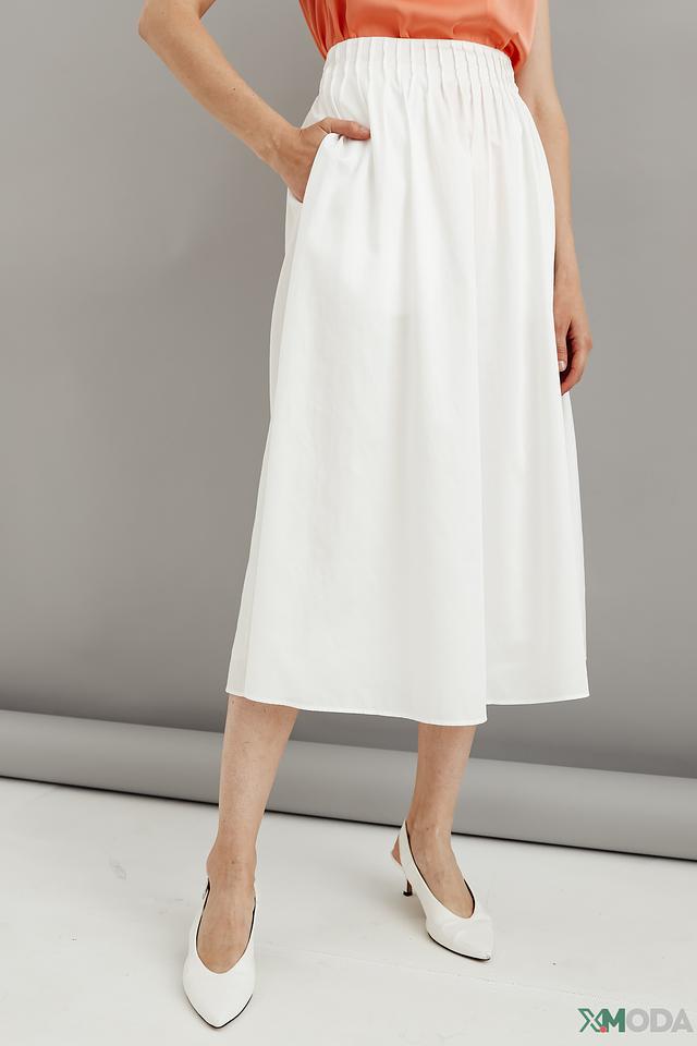 Белая юбка от Marc Cain выполнена из 100% хлопка и имеет удобную завышенную талию с эластичной резинкой. Модель прямого кроя длиной миди с боковыми карманами станет отличным дополнением к вашему гардеробу. Состав: хлопок 100%, Состав_подкладка купро 94%, Состав_подкладка эластан 6%
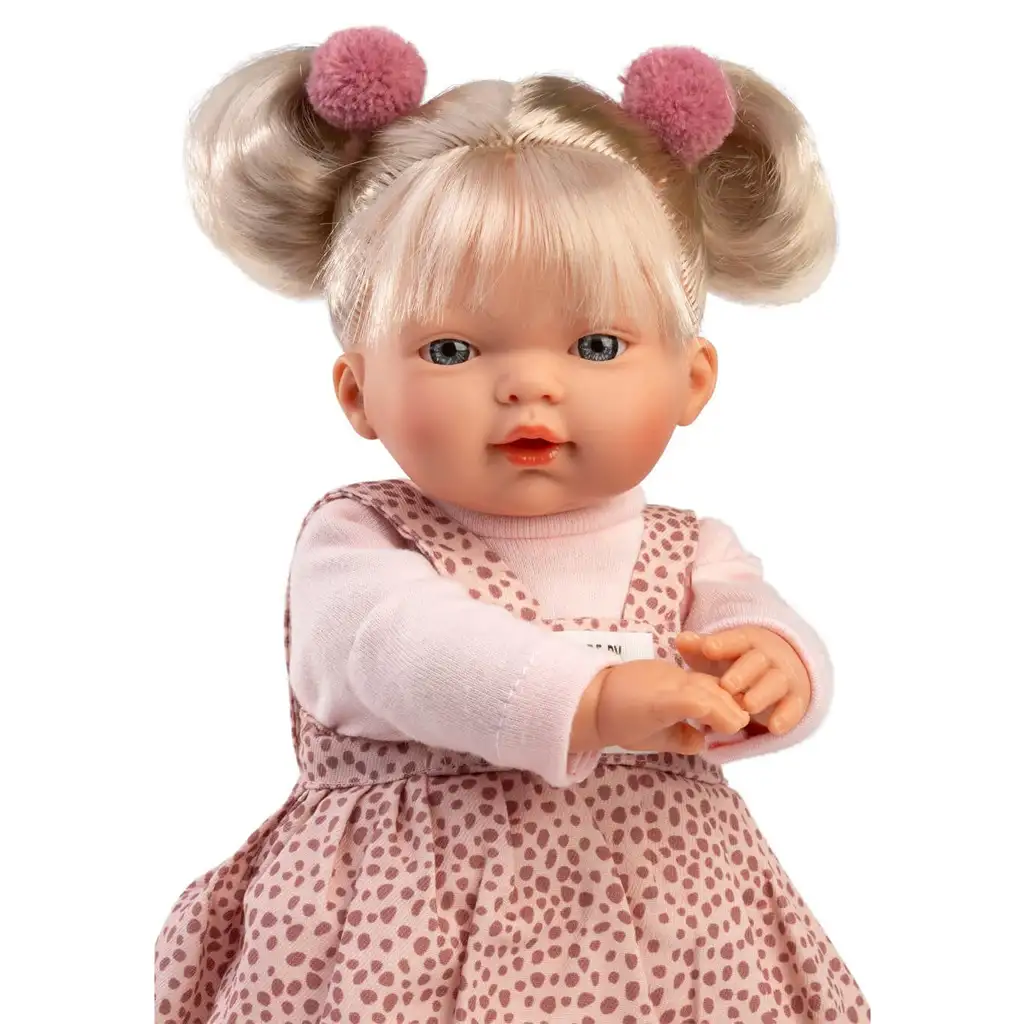 Llorens punčke so ročno izdelane v Španiji iz vrhunskih materialov, z veliko pozornosti in ljubezni. Pikčasta obleka Roberta punčke je skrbno izdelana v vseh podrobnostih, zato je resnično poseben kos – ne le igrača, ampak tudi prijatelj za vse življenje.
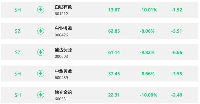 1月30日,黄金概念股多数低开。白银有色、兴业银锡、豫光金铅、中金黄金、盛达资源等多股跌停 价开盘。 | ટાન | | 白银有色 | 13.67 | -10.01% | -1.52 | | --- | --- | --- | --- | --- | --- | | | | 601212 | | | | | SZ | | 兴业银锡 | 62.85 | -8.06% | -5.51 | | | | 000426 | | | | | SZ | + | 盛达资源 | 61.14 | -9.82% | -6.66 | | | | 000603 | | | | | SH | + | 中金黄金 | 37.45 | -8.66% | -3.55 | | | | 600489 | | | | | SH | + | 豫米金铅 | 22.31 | -10.00% | -2.48 | | | | 600531 | | | | ...
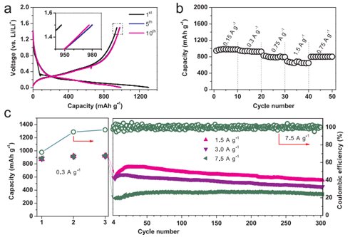中國科學院寧波材料技術與工程研究所動力鋰電池工程實驗室自2011年開展硅基負極材料的研究開發,已取得系列進展。2012年報道了一種三維多孔的納米硅/石墨烯復合負極材料。近日,又報道了一種新型二維納米硅/二氧化硅復合負極材料(2D nano-Si/SiO2)。該工作利用層狀結構CaSi2的拓撲轉變,在酸性溶液中化學剝離Ca原子(圖1a),留下單原子層褶皺狀硅烯,由于Si原子只存在sp3雜化,硅烯極不穩定,在水溶液中氧化得到亞穩態二維硅氧烯(圖1b),二維硅氧烯經過合適的熱處理條件脫水歧化得到二維納米硅/二氧化硅復合負極材料(2D nano-Si/SiO2),其中納米硅均勻分散于無定型硅氧化物(圖1c)。二維結構可有效減少鋰離子遷移路程,納米硅和硅氧化物可有效降低了體積膨脹率,因此采用該方法制備的2D nano-Si/SiO2@C表現出優異的循環穩定性和倍率性能。電化學性能測試表明,在0.15A/g條件下,首次放電容量大于950mAh/g,在7.5A/g的大電流密度下,放電容量達360mAh/g,相比于文獻已報道的硅或硅氧化物材料,倍率性能具有顯著優勢(圖2);在1.5,3.0和7.5A/g的大電流密度下,循環300周容量保持率分別為73%,73%和92%(圖3)。該新型2D nano-Si/SiO2C負極材料,有望應用于長續航電動汽車(圖4)。
● ● ●
What is required: Aside from the pictures, repeat the listing exactly.

Solution:
 Белая юбка от Marc Cain выполнена из 100% хлопка и имеет удобную завышенную талию с эластичной резинкой. Модель прямого кроя длиной миди с боковыми карманами станет отличным дополнением к вашему гардеробу. Состав: хлопок 100%, Состав_подкладка купро 94%, Состав_подкладка эластан 6%
 Llorens punčke so ročno izdelane v Španiji iz vrhunskih materialov, z veliko pozornosti in ljubezni. Pikčasta obleka Roberta punčke je skrbno izdelana v vseh podrobnostih, zato je resnično poseben kos – ne le igrača, ampak tudi prijatelj za vse življenje.
 1月30日,黄金概念股多数低开。白银有色、兴业银锡、豫光金铅、中金黄金、盛达资源等多股跌停 价开盘。 | ટાન | | 白银有色 | 13.67 | -10.01% | -1.52 | | --- | --- | --- | --- | --- | --- | | | | 601212 | | | | | SZ | | 兴业银锡 | 62.85 | -8.06% | -5.51 | | | | 000426 | | | | | SZ | + | 盛达资源 | 61.14 | -9.82% | -6.66 | | | | 000603 | | | | | SH | + | 中金黄金 | 37.45 | -8.66% | -3.55 | | | | 600489 | | | | | SH | + | 豫米金铅 | 22.31 | -10.00% | -2.48 | | | | 600531 | | | | ...
中國科學院寧波材料技術與工程研究所動力鋰電池工程實驗室自2011年開展硅基負極材料的研究開發,已取得系列進展。2012年報道了一種三維多孔的納米硅/石墨烯復合負極材料。近日,又報道了一種新型二維納米硅/二氧化硅復合負極材料(2D nano-Si/SiO2)。該工作利用層狀結構CaSi2的拓撲轉變,在酸性溶液中化學剝離Ca原子(圖1a),留下單原子層褶皺狀硅烯,由于Si原子只存在sp3雜化,硅烯極不穩定,在水溶液中氧化得到亞穩態二維硅氧烯(圖1b),二維硅氧烯經過合適的熱處理條件脫水歧化得到二維納米硅/二氧化硅復合負極材料(2D nano-Si/SiO2),其中納米硅均勻分散于無定型硅氧化物(圖1c)。二維結構可有效減少鋰離子遷移路程,納米硅和硅氧化物可有效降低了體積膨脹率,因此采用該方法制備的2D nano-Si/SiO2@C表現出優異的循環穩定性和倍率性能。電化學性能測試表明,在0.15A/g條件下,首次放電容量大于950mAh/g,在7.5A/g的大電流密度下,放電容量達360mAh/g,相比于文獻已報道的硅或硅氧化物材料,倍率性能具有顯著優勢(圖2);在1.5,3.0和7.5A/g的大電流密度下,循環300周容量保持率分別為73%,73%和92%(圖3)。該新型2D nano-Si/SiO2C負極材料,有望應用于長續航電動汽車(圖4)。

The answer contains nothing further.